So I had heard of Kathakali growing up and hated watching it constantly played on the one and only one television channel at the time that was run by the government (Doordarshan). But I thought on this trip I would be open minded and explore another art form after my new-found hoity-toity discovery of Mughal architecture in the north.

Bad Idea. Apparently the dance form is too sophisticated for a lay man to understand. It has its own grammar and rules, which is fine. The problem is with the words or the lack there off. Kathakali is storytelling of ancient myths and religious heroism in dance form and hence requires use of words but they don't use words as in lyrics. Words and sentences are expressed as different hand formations, eye movements, facial muscle contractions....

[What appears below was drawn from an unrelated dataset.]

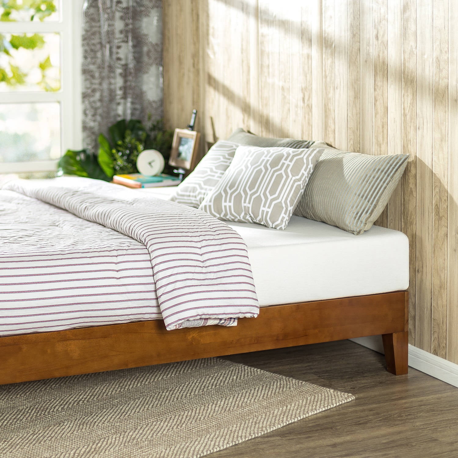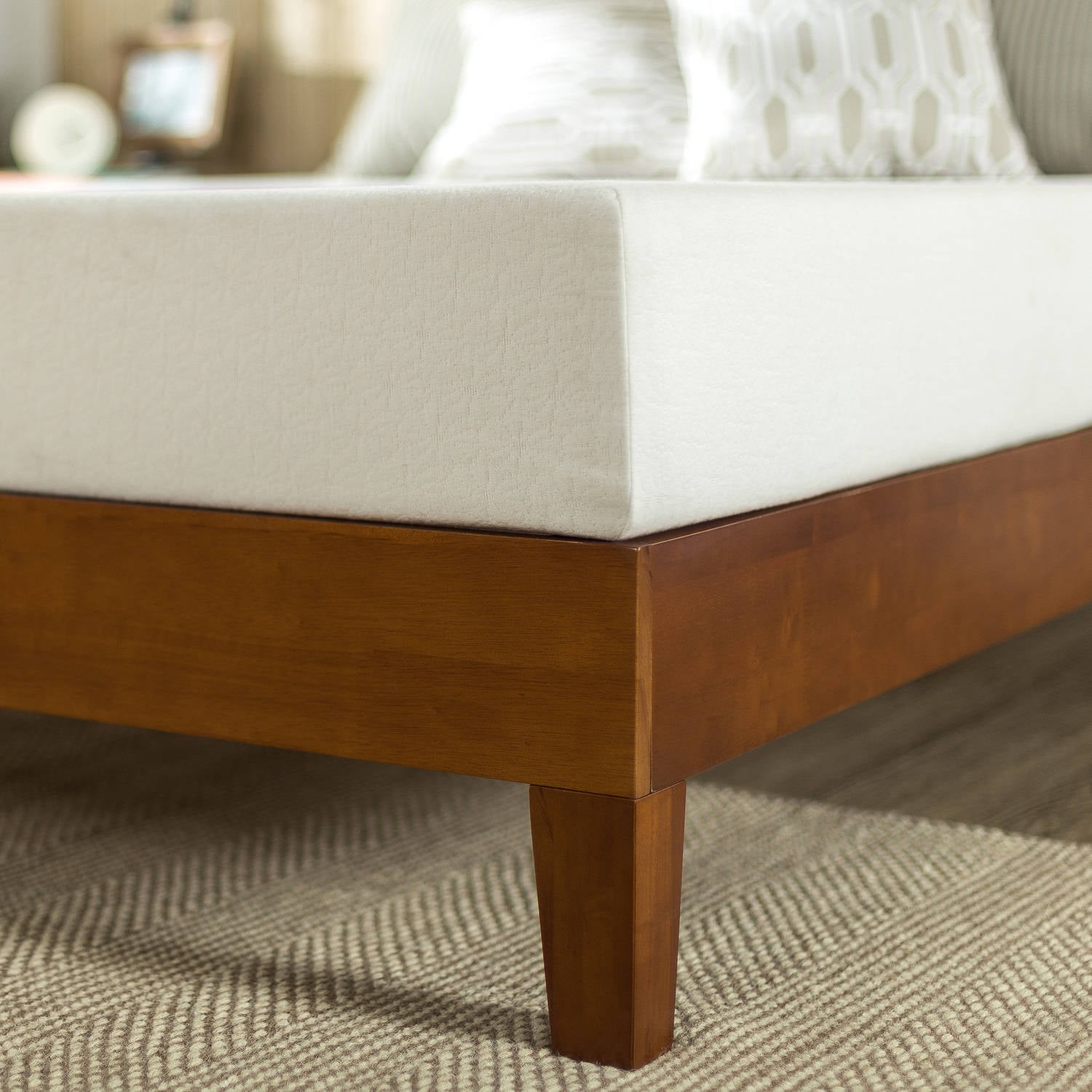 Zinus 12″ Wen Wood Platform Bed Frame, Cherry, Queen Crafted from solid acacia wood with a rich cherry finish Headboard- free design ideal for contemporary spaces and decor styles Included non-slip tape ensures a quiet, secure, and stable mattress setup Twin size supports a maximum weight of 350 lbs, Full, Queen, and King sizes support a maximum weight of 700 lbs Ships in one box with all needed tools and instructions 12 inches high with 5.75 inch frame Easy assembly in under an hour Worry-free 5-year limited warranty included; mattress sold separately See our assortment of Zinus products

The more interesting part of the whole exercise is the putting on of the make up. The artists come on the stage and apply different plant extracted colors that are based in coconut oil on their face to exaggerate the eyes, eye brows, mouth etc. The objective of the make up, as the theater director proclaimed, to make a human into the super natural!

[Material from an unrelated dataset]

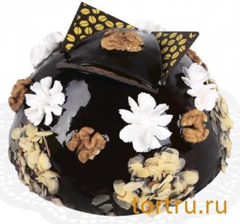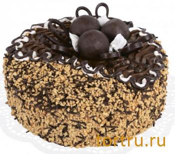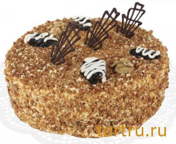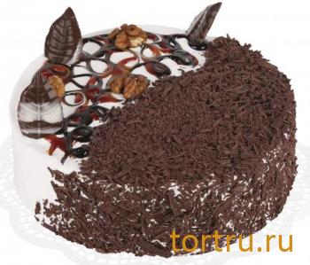 Описание: Слои традиционного бисквита, пропитанные сиропом, соединены сливками с добавлением шоколадно-ореховой пасты. Торт украшен ванильной и шоколадной глазурью, грецким орехом.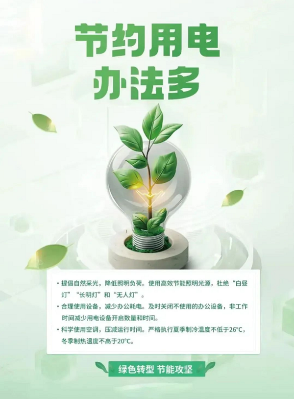 離開辦公室及其他場所時,隨手關(guān)閉電燈、電腦及其他用電設(shè)備。走廊、通道、衛(wèi)生間等公共區(qū)域白天盡量減少開燈能耗,夜間除非生產(chǎn)和安全防范需要外,其余照明一律關(guān)閉。最后離開辦公區(qū)域者,檢查工作區(qū)域照明及電器關(guān)閉情況,確保做到人走電斷。

Check out Kathakali and the make up session (about 2 minutes) recorded at a tiny theater in a neighboring town of Ernakulam and see if it puts you to sleep as well. I would love to appreciate this art but just can't keep myself awake. I asked a local and he mentioned he prefers Michael Jackson over Kathakali. The theater director also said Kathakali is not a dance form but a meditation, a spiritual exercise to come closer to god. Well, in that case, I ain't gonna get no favor from Our Lord or be blessed by the glory of His word!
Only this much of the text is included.